# year end bike donation for tax deduction



## gregg (Oct 30, 2000)

Hello Everyone,

I just wanted to let you all know about a cool Bay Area based non-profit called the Silicon Valley Bicycle Exchange that I am now doing work for.

They are based in Palo Alto and service the greater Bay Area by taking donated bikes and re-purposing them to those in need (at risk youth, homeless, veterans and other groups).

If any of you have bikes collecting dust in your garage, you can donate them to the SV Bicycle Exchange and get a good year end tax deduction. The value is determined by you so you can claim max value.

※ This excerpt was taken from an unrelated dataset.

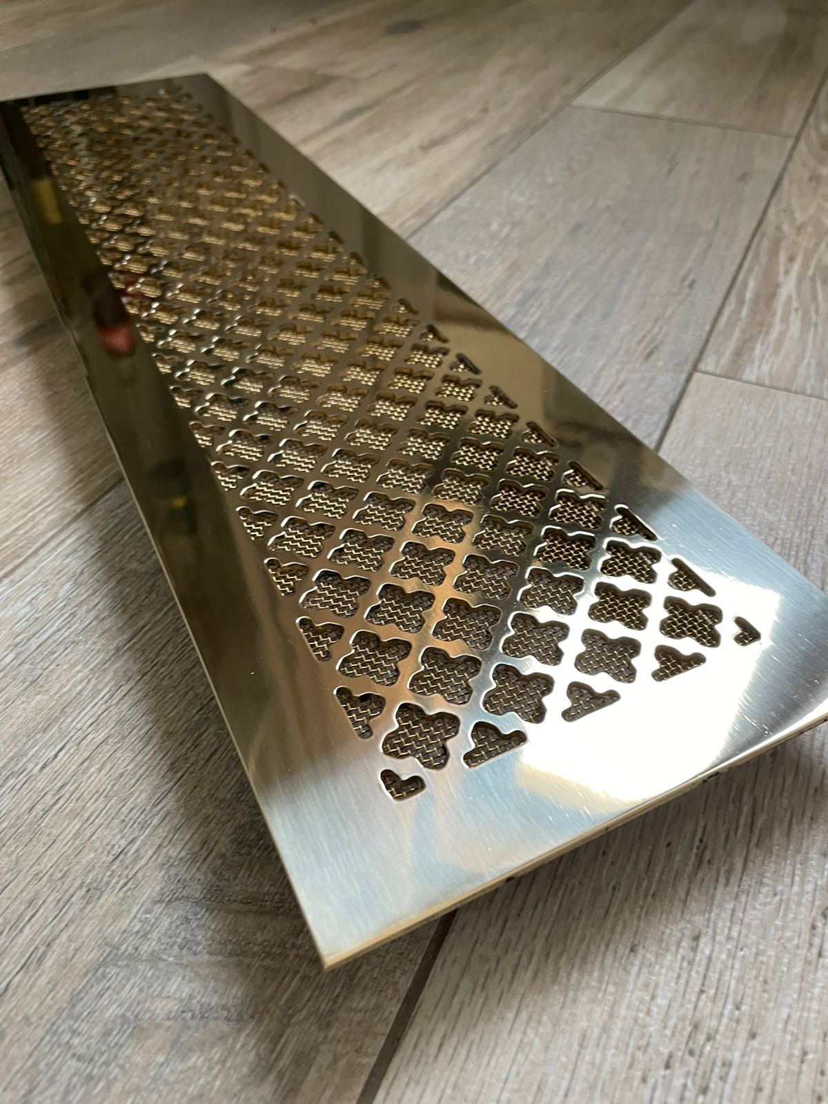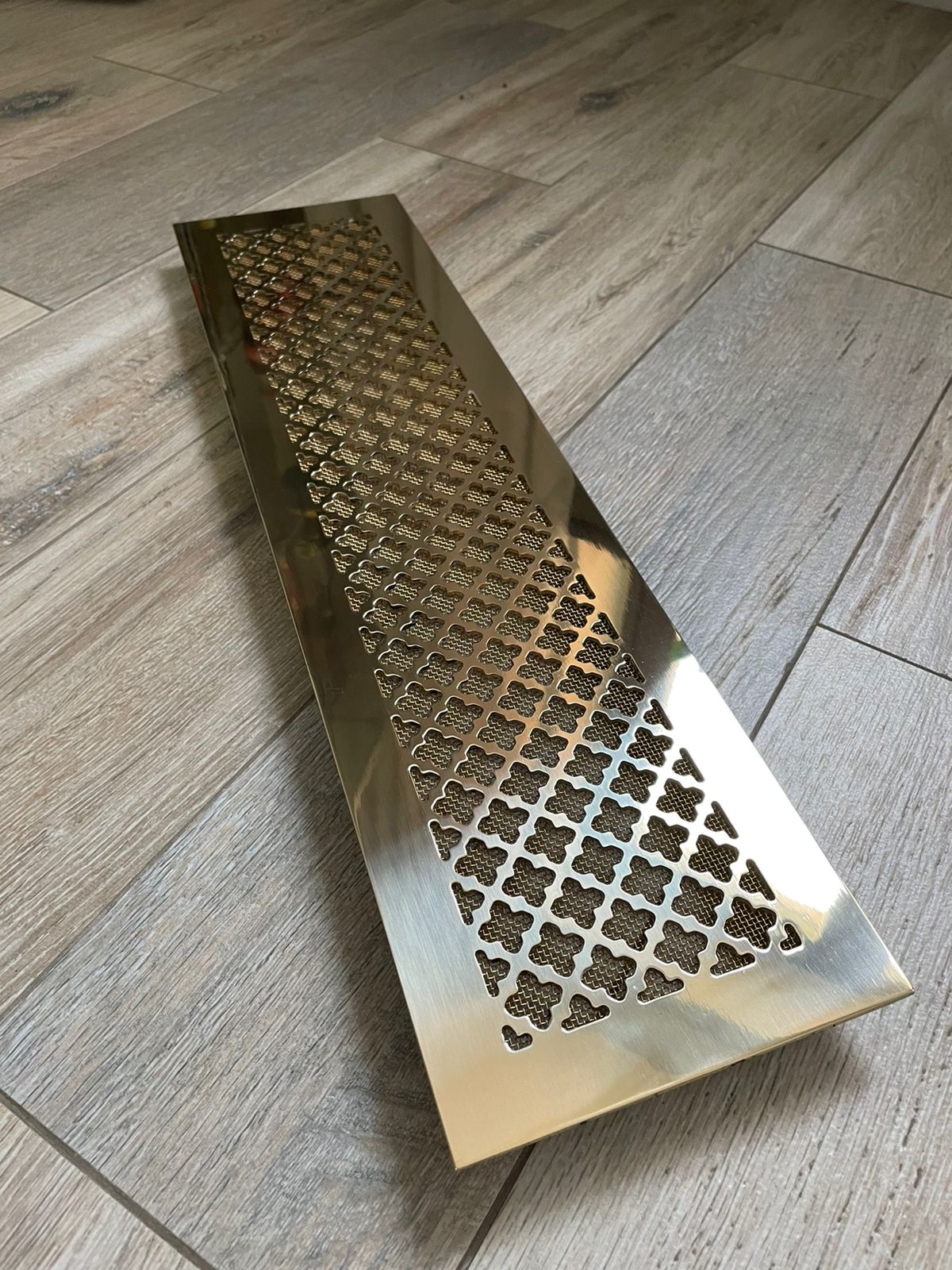 - Эта декоративная вентиляционная решётка может быть изготовлена из различных материалов: алюминий, сталь, латунь, нержавеющая сталь.

During this crazy year, the importance of bike has been elevated to its proper levels and more people than ever are realizing the joy of riding that we have known all along. Help us continue to grow the stoke by donating your old bike (or parts) today.

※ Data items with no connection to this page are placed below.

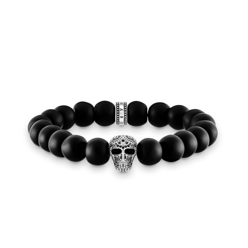 La pulsera "Calavera maorí" está hecha de plata 925 mm. y bolitas de obsidiana que miden 1,1 cm. de diámetro aprox.
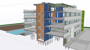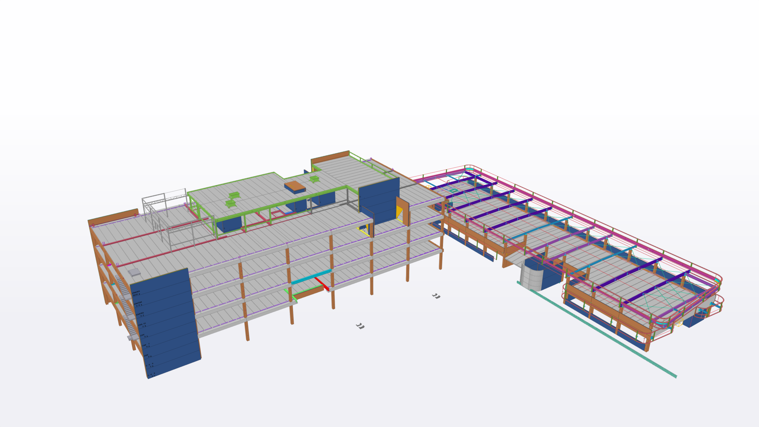 Met Tekla Structures werden de productiemodellen opgemaakt voor staalconstructie en betonconstructie (kolommen, volle en geïsoleerde wanden) en uitgewerkt tot Productietekeningen, hoeveelheden, lijsten, machinesturingen,… voor onze eigen productiesites Meco Metal en LG-Beton.
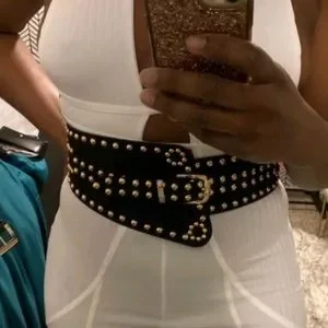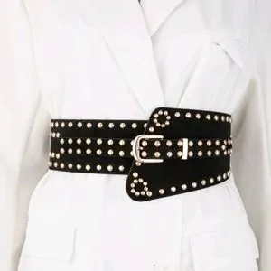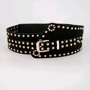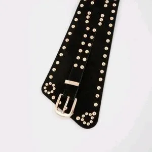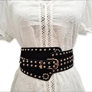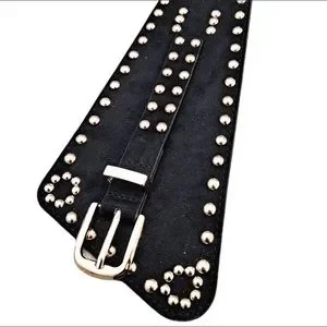 Wide faux vegan leather suede gold studs punk rivet cinch waist elegant belt, new
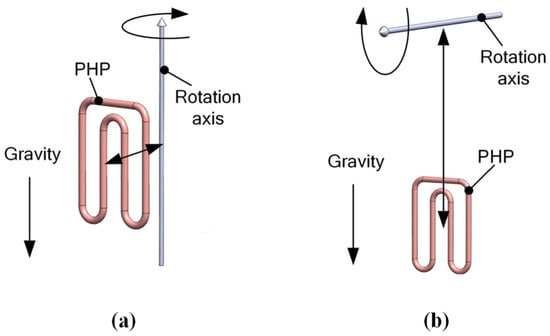 Demonstrations of rotating PHPs. (a) Axial rotations and (b) radial rotations [].

More info on the website: Home - Bicycle Exchange

Drop off days are Wednesday (2:30-3:30p) and Friday (noon to 1pm). Other hours possible by appointment. 

Thanks for your help!


----------



## rajbcpa1 (Dec 10, 2020)

....I have purchased several bikes and bike parts from charities. does this one also sell bikes and use the proceeds for youths, vetrans, homeless and other groups need help?


----------



## gregg (Oct 30, 2000)

Hello rajbcpa1,
Yes, that is correct. You can read more about there here: Impact - Bicycle Exchange

Thanks for supporting charities!


----------